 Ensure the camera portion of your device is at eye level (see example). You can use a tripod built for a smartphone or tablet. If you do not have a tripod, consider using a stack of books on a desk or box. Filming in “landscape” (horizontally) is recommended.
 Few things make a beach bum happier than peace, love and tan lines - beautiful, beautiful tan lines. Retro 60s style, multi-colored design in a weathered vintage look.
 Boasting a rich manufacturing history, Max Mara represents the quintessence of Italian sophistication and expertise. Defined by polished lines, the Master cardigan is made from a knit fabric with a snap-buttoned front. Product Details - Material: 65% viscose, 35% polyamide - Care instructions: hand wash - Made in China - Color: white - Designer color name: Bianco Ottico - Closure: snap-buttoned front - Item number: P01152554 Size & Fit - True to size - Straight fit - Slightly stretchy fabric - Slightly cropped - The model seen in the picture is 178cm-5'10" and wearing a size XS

--

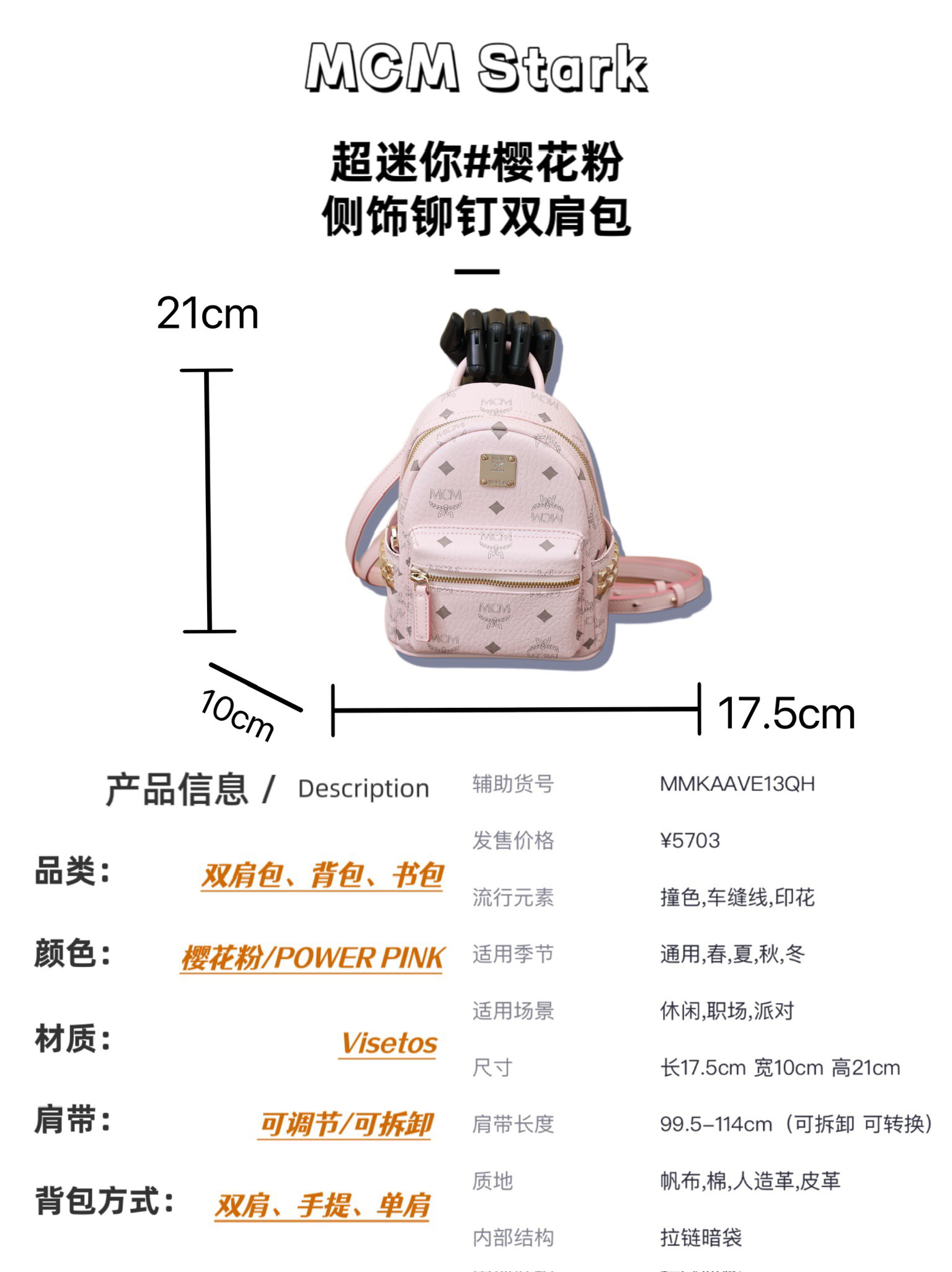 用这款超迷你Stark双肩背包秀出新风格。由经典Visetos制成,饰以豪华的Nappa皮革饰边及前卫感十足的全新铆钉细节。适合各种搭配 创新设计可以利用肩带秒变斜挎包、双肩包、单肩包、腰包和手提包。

§ How to complete this task
Where the listing above has a line with "Few things make", start there, and output every line exactly through the line with "Boasting a rich", which is also included.

§ Exercise response
 Few things make a beach bum happier than peace, love and tan lines - beautiful, beautiful tan lines. Retro 60s style, multi-colored design in a weathered vintage look.
 Boasting a rich manufacturing history, Max Mara represents the quintessence of Italian sophistication and expertise. Defined by polished lines, the Master cardigan is made from a knit fabric with a snap-buttoned front. Product Details - Material: 65% viscose, 35% polyamide - Care instructions: hand wash - Made in China - Color: white - Designer color name: Bianco Ottico - Closure: snap-buttoned front - Item number: P01152554 Size & Fit - True to size - Straight fit - Slightly stretchy fabric - Slightly cropped - The model seen in the picture is 178cm-5'10" and wearing a size XS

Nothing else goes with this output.